Es wurde bereits erwähnt, dass die Ausübung der Personensorge entweder durch ein schriftliches Übereinkommen der Eltern oder durch eine Gerichtsentscheidung einem Elternteil ausschließlich erteilt werden kann. Trotzdem darf dieser Elternteil nicht alle Entscheidungen über die Personensorge des Kindes treffen. Es gibt einige Aspekte der Personensorge, die so wichtig sind, dass die Beteiligung beider Eltern erforderlich ist, unabhängig davon, wem die Ausübung der Personensorge ausschließlich übertragen worden ist.
Aus diesen Gründen ist Art. 1519 Abs. 1 gr. ZGB dahingehend geändert, dass die Entscheidungen über die Namensgebung, die Religion, die Gesundheit und über Ausbildungssachen, die sich entscheidend auf die Zukunft des Kindes auswirken, von beiden Eltern gemeinsam getroffen werden, auch wenn die Personensorge von einem Elternteil ausschließlich ausgeübt wird oder sie zwischen den Eltern verteilt wurde. Von der gemeinsamen Ausübung der Personensorge nach Art. 1519 gr. ZGB werden die Gesundheitssachen in dringenden Fällen oder mit laufendem Charakter ausgeschlossen. Die Reform des Art. 1519, die zwingendes Recht normiert, entspricht der in der Rechtsprechung herrschenden Kerntheorie, wonach einige Aspekte der Personensorge immer beiden Eltern obliegen, weil sie den Kern der elterlichen Sorge berühren. Aus der Vorschrift des Art. 1519 Abs. 1 gr. ZGB ergibt sich, dass die Entscheidung über die Wahl der Schule des Kindes oder über ihren öffentlichen oder privaten Charakter gemeinsam getroffen werden soll. Das gleiche gilt auch für die Fremdsprache(n), die das Kind lernen wird und auch für den Zugang zu einer inländischen oder ausländischen Hochschule.
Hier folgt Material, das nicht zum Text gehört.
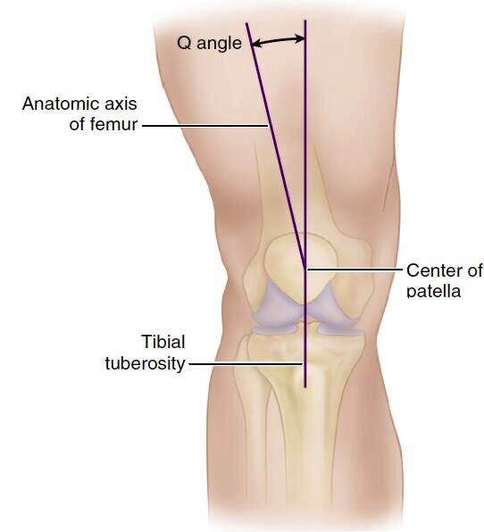 - Angulo Q del cuádriceps aumentado (normal 15º): las caderas anchas (coxa vara), rodillas en valgo o caminar con rotación externa de los pies (torsión tibial externa) aumentan el ángulo entre el cuádriceps y el tendón rotuliano, creando una tendencia a que la rótula se salga hacia fuera y provoque dolor por hiperpresión.
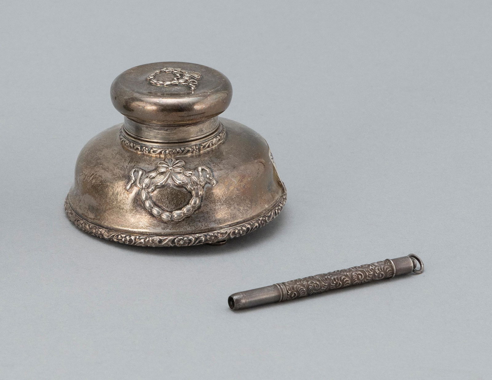 TWO STERLING SILVER WRITING OBJECTS A travel inkwell
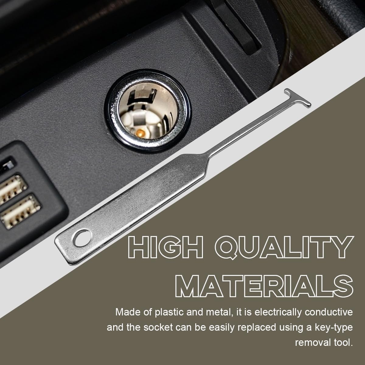 【Efficient Removal】: The removal tool simplifies the process of removing and replacing lighter sockets. The tool features a flat head with a width of 0.8″ at the top and a T-shaped end at the tail, allowing it to fit securely into the lighter socket for efficient and precise removal.
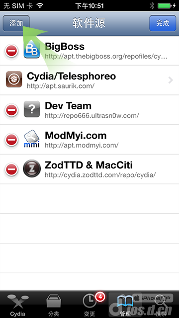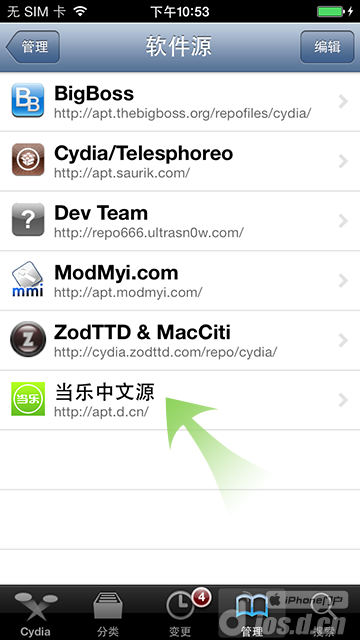 4.Cydia會自動加載數據,等待加載完成後依次點擊”管理“——”軟件源“——”編輯“——”添加“——輸入源地址”http://apt.d.cn“——”添加源“

Weiterhin regelt der neue Abs. 2 des Art. 1519 gr. ZGB die Änderung des Aufenthalts des Kindes. Gemäß dieser Vorschrift muss die vorherige schriftliche Zustimmung des Elternteils, mit dem das Kind nicht zusammenlebt, für die Änderung des Aufenthalts des Kindes vorliegen, soweit die Ausübung des Umgangsrechts dieses Elternteils durch die Änderung des Kindesaufenthalts wesentlich beeinflusst wird. Stimmt dieser Elternteil nicht zu, entscheidet das Gericht, eventuell auch durch den Erlass einer einstweiligen Verfügung. Das Gericht entscheidet nicht nur im Hinblick auf das Umgangsrecht des entsprechenden Elternteils, sondern auch unter Berücksichtigung des Kindeswohls, das vielleicht durch die Änderung seines Aufenthalts positiv betroffen ist (Art. 1511 gr. ZGB).